Trump, meanwhile, is expected to meet on Thursday with Japanese Prime Minister Shinzo Abe, even as the Japanese parliament is in the process of approving the Trans-Pacific Partnership. Trump has pledged to pull out of the TPP, and Republican congressional leaders have ruled out considering the TPP during the lame duck session. But Trump reportedly views Abe as an ally in pushing back against China's influence in Asia.
President Obama also will be meeting with Abe leaders of the other 11 other TPP countries when he arrives this weekend for the Asia-Pacific Economic Cooperation forum.
“Obviously we recognize the recent political developments in our country and how that affects TPP, but that's all the more reason for the president to discuss with other TPP leaders the work they've done together and how we're looking at issues related to trade going forward,” said Ben Rhodes, Obama's deputy national security advisor for strategic communications.
Congress will be welcoming the newly elected House members and senators this week, and Republicans are expected to vote on Tuesday to retain Paul Ryan as House speaker. But with TPP off the table, the rest of the lame duck agenda appears to be shrinking.
The continuing resolution that is currently funding the government expires Dec. 9. GOP congressional leaders had planned to work out an agreement with the White House on spending legislation to cover the rest of fiscal 2017.
However, in the wake of Trump's election there are growing expectations that GOP leaders will instead seek another continuing resolution that would fund the government into the first part of next year, allowing time for Republicans to negotiate spending levels and policy provisions with Trump and his new team rather than Obama.
“American people rose up and resoundingly rejected the status quo,” aid Michael Needham, CEO of Heritage Action, a conservative advocacy group. “Instead of negotiating with a lame duck president, Republicans in Congress must begin setting the stage for 2017.”
Here's a list of agriculture- or rural-related events scheduled for this week in Washington and elsewhere:
Monday, Nov. 14
11 a.m. - Cato Institute forum, “The Way Forward on Trade,” 1100 Massachusetts Ave.

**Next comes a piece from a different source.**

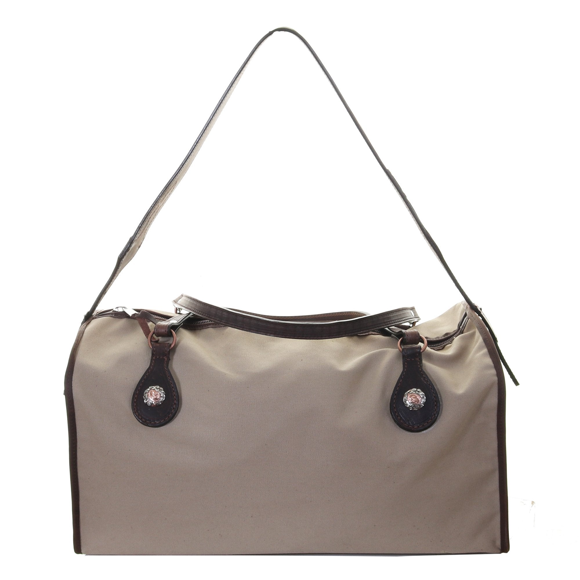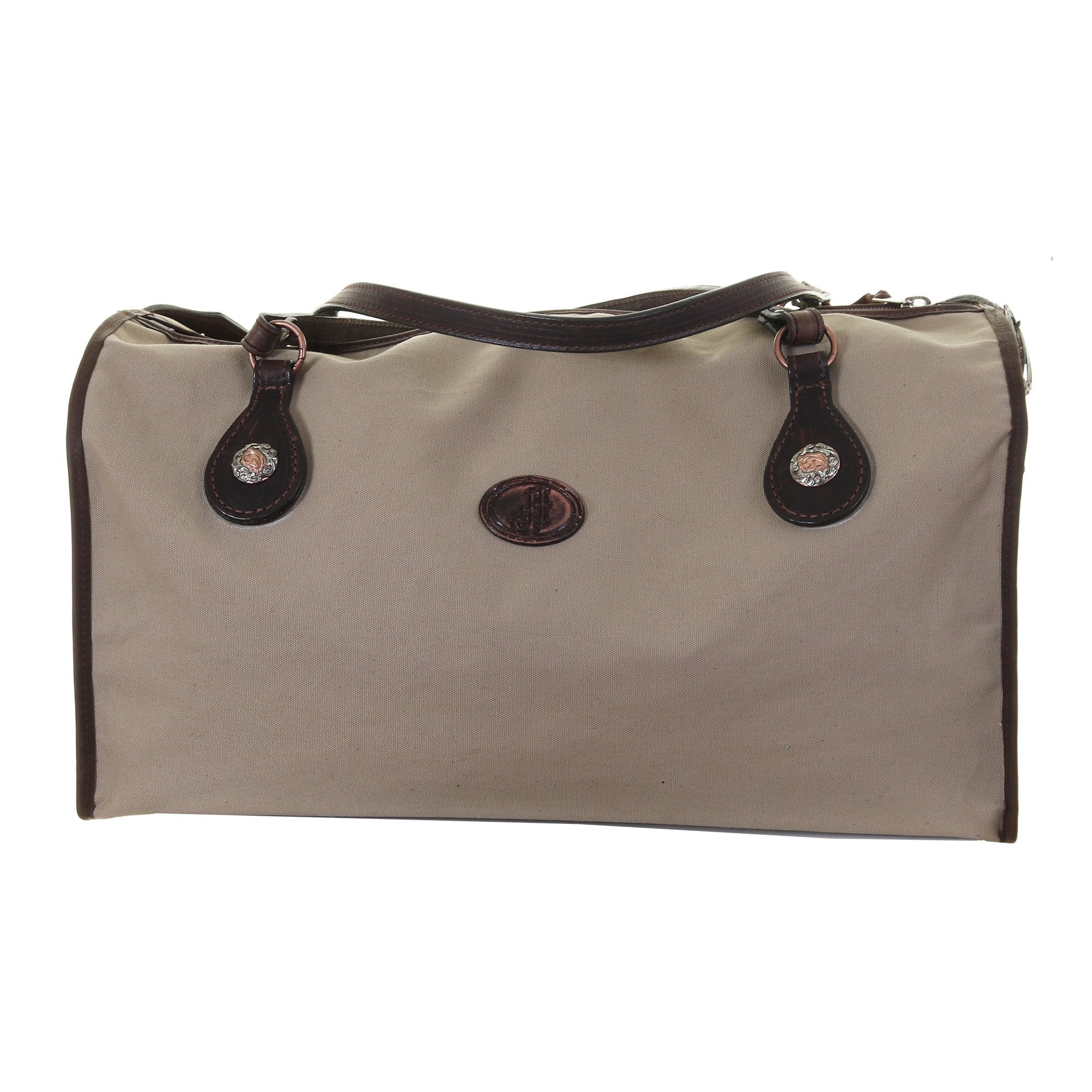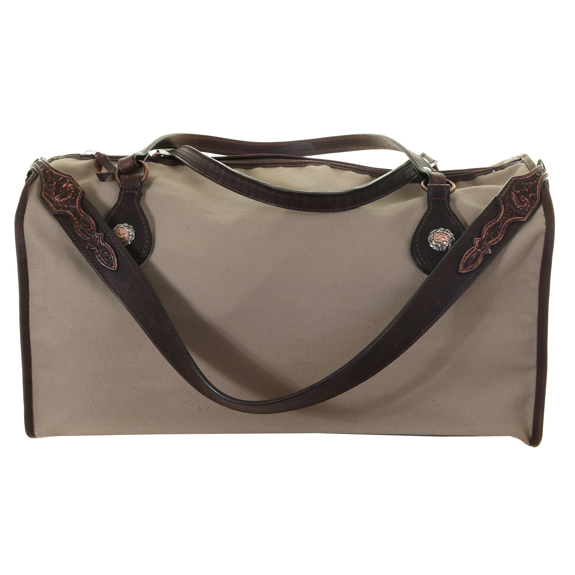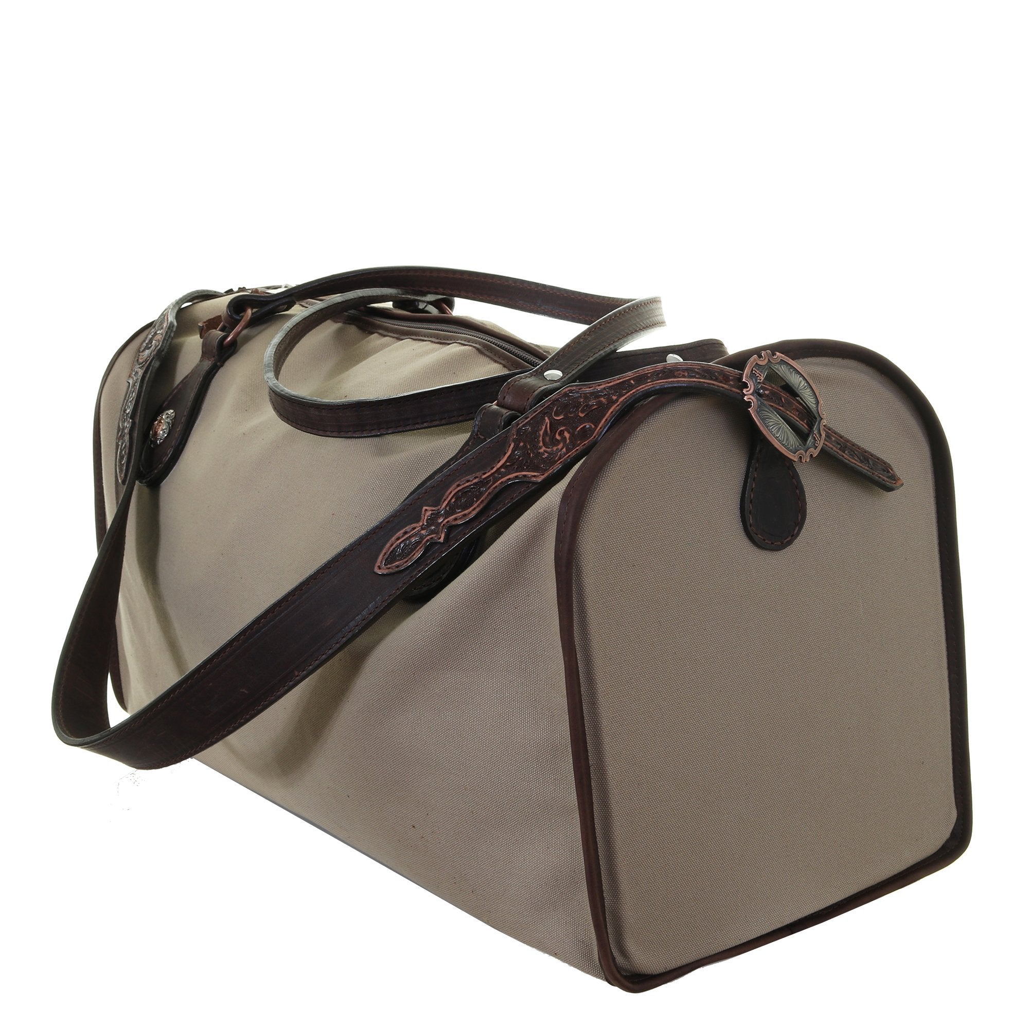 Khaki canvas duffel bag with brown zipper and chocolate pull up trim. Antique copper and silver scroll conchos and matching Double J buckles. Convenient double handles and a long adjustable shoulder strap with fancy tooled overlays.

NW.
4 p.m. - USDA releases Crop Progress report.
Tuesday, Nov. 15
All day - Science Board to the Food and Drug Administration meeting on the bovine heparin initiative and other issues, Silver Spring, Md.
Wednesday, Nov. 16
National Organic Standards Board meeting, St. Louis, through Friday.
9 a.m. - Biotechnology Regulatory Services stakeholder meeting, USDA Center at Riverside, Md.
10:30 a.m. - Third Annual Summit on Global Food Security and Health Issues, George Mason University Arlington campus, 3351 Fairfax Dr.
Thursday, Nov. 17
President-elect Donald Trump meets with Japanese Prime Minister Shinzo Abe.
8:30 a.m. - USDA releases Weekly Export Sales report.
10 a.m. - House Agriculture Committee hearing, “Past, Present, and Future of SNAP: Opportunities for Improving Access to Food,” 1300 Longworth.